Work task =
From the listing below, set down exactly the lines between the one holding "鸭鸭童装儿童羽绒服男女童新款加厚连帽亲子装中大童冬季长款外套" and the one holding "Inflated 5th Birthday", inclusive. No other line is wanted.
[Start of Attachment]
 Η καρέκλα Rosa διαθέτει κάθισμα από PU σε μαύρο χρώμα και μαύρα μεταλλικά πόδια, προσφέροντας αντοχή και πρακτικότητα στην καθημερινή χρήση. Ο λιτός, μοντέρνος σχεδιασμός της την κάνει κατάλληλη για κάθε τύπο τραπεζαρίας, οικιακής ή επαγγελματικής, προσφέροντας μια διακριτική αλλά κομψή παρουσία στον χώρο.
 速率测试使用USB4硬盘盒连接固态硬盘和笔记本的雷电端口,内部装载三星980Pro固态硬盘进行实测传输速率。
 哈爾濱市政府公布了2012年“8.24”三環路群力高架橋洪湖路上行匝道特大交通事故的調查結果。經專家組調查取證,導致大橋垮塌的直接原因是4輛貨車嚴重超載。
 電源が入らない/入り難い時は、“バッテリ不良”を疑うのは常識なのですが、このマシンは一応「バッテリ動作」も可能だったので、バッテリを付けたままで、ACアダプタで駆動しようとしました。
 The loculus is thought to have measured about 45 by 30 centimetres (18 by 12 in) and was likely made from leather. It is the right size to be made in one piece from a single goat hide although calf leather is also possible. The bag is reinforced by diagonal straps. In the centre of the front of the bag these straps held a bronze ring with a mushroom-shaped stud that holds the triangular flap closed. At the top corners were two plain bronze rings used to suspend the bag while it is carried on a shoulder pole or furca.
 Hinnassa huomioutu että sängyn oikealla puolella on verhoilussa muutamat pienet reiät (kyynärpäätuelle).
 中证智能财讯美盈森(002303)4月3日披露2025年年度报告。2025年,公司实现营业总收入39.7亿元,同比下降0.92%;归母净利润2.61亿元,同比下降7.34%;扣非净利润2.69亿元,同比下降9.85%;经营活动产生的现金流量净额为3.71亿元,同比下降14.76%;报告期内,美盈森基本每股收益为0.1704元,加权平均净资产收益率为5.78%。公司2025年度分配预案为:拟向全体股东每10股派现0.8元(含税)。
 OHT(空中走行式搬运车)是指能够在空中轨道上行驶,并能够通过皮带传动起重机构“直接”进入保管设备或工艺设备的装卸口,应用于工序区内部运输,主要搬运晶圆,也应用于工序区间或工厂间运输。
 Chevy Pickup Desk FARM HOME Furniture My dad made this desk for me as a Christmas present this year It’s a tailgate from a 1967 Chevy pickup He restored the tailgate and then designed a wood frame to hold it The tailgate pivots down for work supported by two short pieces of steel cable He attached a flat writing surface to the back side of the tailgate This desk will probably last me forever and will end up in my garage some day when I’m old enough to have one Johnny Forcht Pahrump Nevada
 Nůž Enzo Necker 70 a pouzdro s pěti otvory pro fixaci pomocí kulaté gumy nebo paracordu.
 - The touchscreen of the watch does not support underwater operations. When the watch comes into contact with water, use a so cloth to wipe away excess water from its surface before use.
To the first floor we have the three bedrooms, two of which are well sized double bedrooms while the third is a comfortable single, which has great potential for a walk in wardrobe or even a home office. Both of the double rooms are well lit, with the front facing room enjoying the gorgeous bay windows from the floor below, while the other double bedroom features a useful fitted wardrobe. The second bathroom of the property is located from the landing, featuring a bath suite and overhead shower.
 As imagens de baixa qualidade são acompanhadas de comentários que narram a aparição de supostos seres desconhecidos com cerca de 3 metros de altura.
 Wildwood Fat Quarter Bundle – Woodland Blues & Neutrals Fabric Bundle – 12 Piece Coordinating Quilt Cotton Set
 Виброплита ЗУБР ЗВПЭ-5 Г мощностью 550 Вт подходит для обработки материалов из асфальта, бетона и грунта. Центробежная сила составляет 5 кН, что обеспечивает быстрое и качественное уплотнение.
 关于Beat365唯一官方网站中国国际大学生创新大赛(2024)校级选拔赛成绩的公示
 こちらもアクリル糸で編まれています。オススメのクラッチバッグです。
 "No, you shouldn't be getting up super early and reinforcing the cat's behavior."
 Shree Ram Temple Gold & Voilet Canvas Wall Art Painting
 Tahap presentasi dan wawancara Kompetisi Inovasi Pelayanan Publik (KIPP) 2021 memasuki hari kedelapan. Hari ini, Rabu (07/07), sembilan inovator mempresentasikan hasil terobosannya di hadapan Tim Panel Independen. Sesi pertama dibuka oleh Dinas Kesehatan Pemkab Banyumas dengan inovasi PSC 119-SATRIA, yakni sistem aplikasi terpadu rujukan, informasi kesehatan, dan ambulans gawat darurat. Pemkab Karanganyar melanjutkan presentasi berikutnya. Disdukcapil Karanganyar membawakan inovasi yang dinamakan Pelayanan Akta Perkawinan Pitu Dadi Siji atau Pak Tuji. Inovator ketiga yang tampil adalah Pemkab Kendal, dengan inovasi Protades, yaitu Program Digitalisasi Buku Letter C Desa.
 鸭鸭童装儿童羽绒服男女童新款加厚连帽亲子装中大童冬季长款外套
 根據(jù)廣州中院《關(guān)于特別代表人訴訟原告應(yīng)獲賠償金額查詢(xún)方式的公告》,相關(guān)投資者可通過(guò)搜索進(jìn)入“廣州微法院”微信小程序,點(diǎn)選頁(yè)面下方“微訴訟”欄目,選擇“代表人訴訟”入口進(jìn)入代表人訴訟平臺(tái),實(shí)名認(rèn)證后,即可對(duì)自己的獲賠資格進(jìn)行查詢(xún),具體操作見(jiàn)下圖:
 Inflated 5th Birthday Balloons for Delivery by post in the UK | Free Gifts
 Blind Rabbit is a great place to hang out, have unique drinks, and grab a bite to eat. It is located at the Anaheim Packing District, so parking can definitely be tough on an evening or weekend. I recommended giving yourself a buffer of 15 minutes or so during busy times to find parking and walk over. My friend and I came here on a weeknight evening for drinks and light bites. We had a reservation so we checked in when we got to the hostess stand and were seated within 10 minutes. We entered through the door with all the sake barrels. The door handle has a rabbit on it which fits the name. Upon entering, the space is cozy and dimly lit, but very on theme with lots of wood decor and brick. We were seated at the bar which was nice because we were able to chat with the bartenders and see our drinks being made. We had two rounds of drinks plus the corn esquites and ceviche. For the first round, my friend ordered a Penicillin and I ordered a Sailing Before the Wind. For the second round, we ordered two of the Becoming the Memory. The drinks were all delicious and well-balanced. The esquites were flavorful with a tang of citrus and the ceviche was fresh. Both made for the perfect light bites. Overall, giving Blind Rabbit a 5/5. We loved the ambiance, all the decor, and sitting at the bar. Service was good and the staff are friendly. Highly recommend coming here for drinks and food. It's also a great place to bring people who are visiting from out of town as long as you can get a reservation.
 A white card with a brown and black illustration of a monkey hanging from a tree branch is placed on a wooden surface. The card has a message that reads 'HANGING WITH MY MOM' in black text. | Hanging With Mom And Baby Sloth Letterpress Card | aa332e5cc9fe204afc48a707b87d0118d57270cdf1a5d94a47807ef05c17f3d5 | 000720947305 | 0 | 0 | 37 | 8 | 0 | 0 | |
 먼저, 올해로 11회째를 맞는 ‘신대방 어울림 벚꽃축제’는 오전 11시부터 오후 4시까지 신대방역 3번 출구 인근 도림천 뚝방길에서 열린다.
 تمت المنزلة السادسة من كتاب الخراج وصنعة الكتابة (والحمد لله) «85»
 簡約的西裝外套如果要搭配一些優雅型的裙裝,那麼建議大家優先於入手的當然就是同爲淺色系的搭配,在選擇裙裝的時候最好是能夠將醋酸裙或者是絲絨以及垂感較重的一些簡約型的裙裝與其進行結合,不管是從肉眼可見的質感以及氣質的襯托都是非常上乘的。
[End of Attachment]
Response area =
 鸭鸭童装儿童羽绒服男女童新款加厚连帽亲子装中大童冬季长款外套
 根據(jù)廣州中院《關(guān)于特別代表人訴訟原告應(yīng)獲賠償金額查詢(xún)方式的公告》,相關(guān)投資者可通過(guò)搜索進(jìn)入“廣州微法院”微信小程序,點(diǎn)選頁(yè)面下方“微訴訟”欄目,選擇“代表人訴訟”入口進(jìn)入代表人訴訟平臺(tái),實(shí)名認(rèn)證后,即可對(duì)自己的獲賠資格進(jìn)行查詢(xún),具體操作見(jiàn)下圖:
 Inflated 5th Birthday Balloons for Delivery by post in the UK | Free Gifts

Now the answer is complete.